··· SOURCE DATA ···

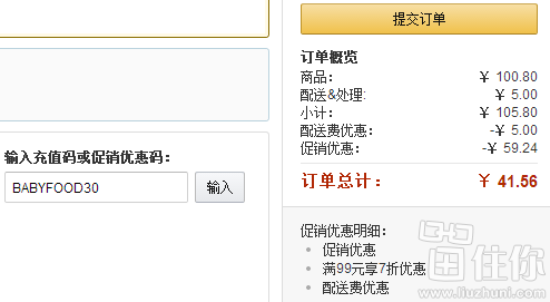 再凑单22.8元的补钙系列强化铁锌钙奶米粉225g,结算的时候输入优惠码:“BABYFOOD30”最后实付41.6元包邮,这样就更划算了。
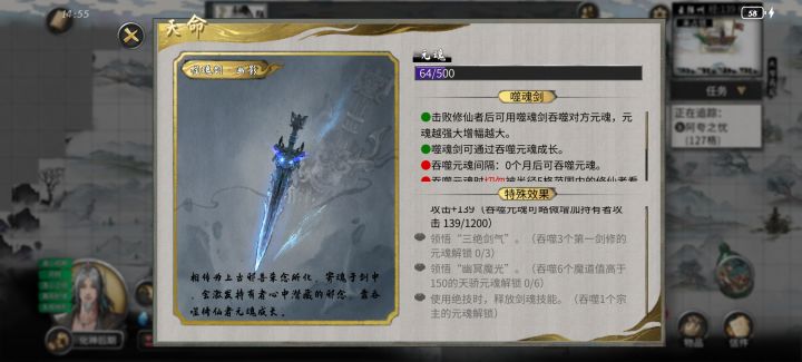 怎么吞不了?!!!早就过了3个月的冷却了,#鬼谷八荒 #噬魂剑bug只剩10个月就要反噬我了已经这把噬魂剑是我从npc手上抢过来的,然后最近又刷出了一个噬魂剑npc,然后和他碰面开始我手上这把噬魂剑就不正常了,求解
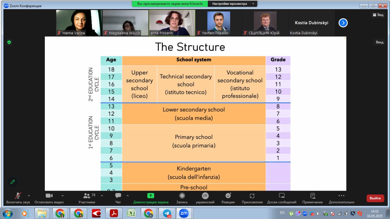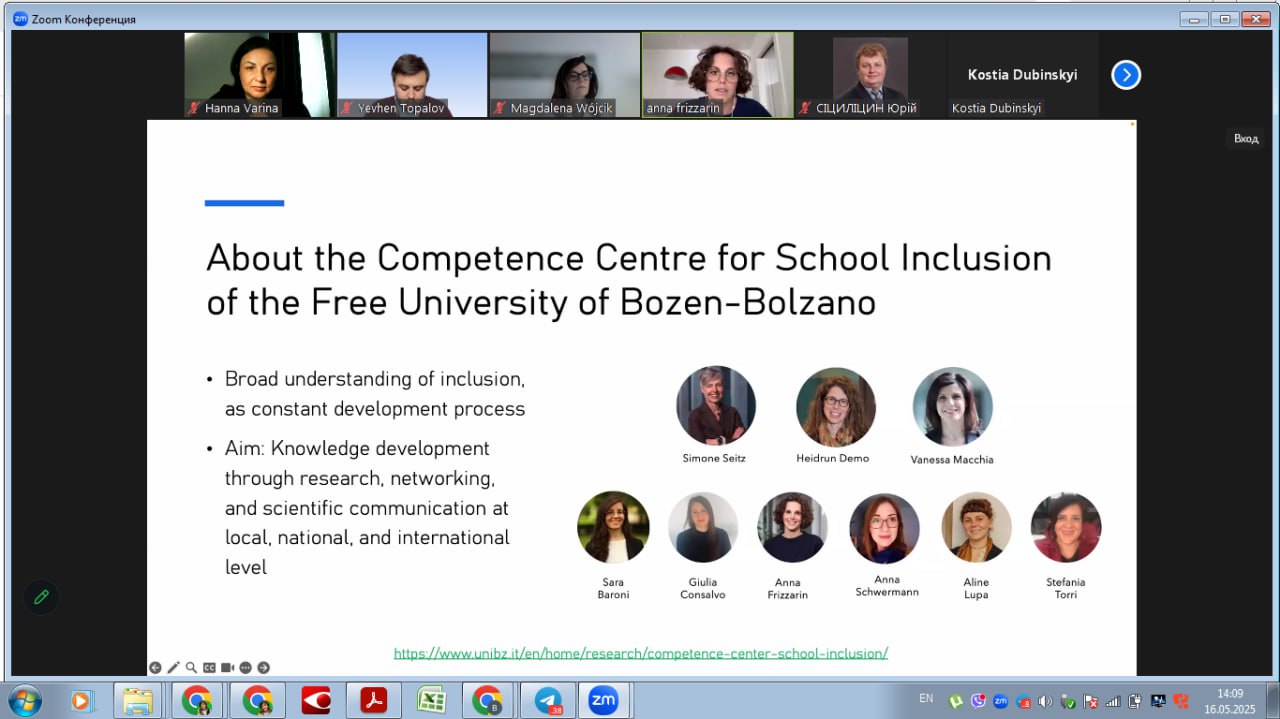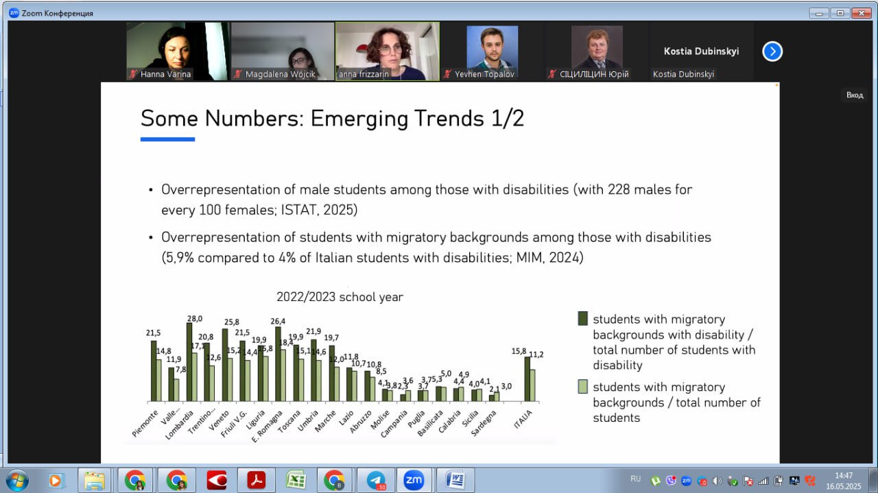 Першу доповідь представила Anna Frizzarin (Free University of Bozen-Bolzano, Italy), яка поділилася досвідом упровадження інклюзивної освіти в Італії. У доповіді було детально розглянуто механізми підтримки учнів з особливими освітніми потребами, зокрема через співпрацю між педагогами, асистентами, родинами та місцевими органами влади. Окрему увагу доповідачка приділила правовим засадам інклюзії та ролі інституційної підтримки в італійській системі освіти.

···

• EXERCISE DETAILS:
Output all lines above precisely. Pictures are to be left out.

• OUTPUT OF THE EXERCISE:
 再凑单22.8元的补钙系列强化铁锌钙奶米粉225g,结算的时候输入优惠码:“BABYFOOD30”最后实付41.6元包邮,这样就更划算了。
 怎么吞不了?!!!早就过了3个月的冷却了,#鬼谷八荒 #噬魂剑bug只剩10个月就要反噬我了已经这把噬魂剑是我从npc手上抢过来的,然后最近又刷出了一个噬魂剑npc,然后和他碰面开始我手上这把噬魂剑就不正常了,求解
 Першу доповідь представила Anna Frizzarin (Free University of Bozen-Bolzano, Italy), яка поділилася досвідом упровадження інклюзивної освіти в Італії. У доповіді було детально розглянуто механізми підтримки учнів з особливими освітніми потребами, зокрема через співпрацю між педагогами, асистентами, родинами та місцевими органами влади. Окрему увагу доповідачка приділила правовим засадам інклюзії та ролі інституційної підтримки в італійській системі освіти.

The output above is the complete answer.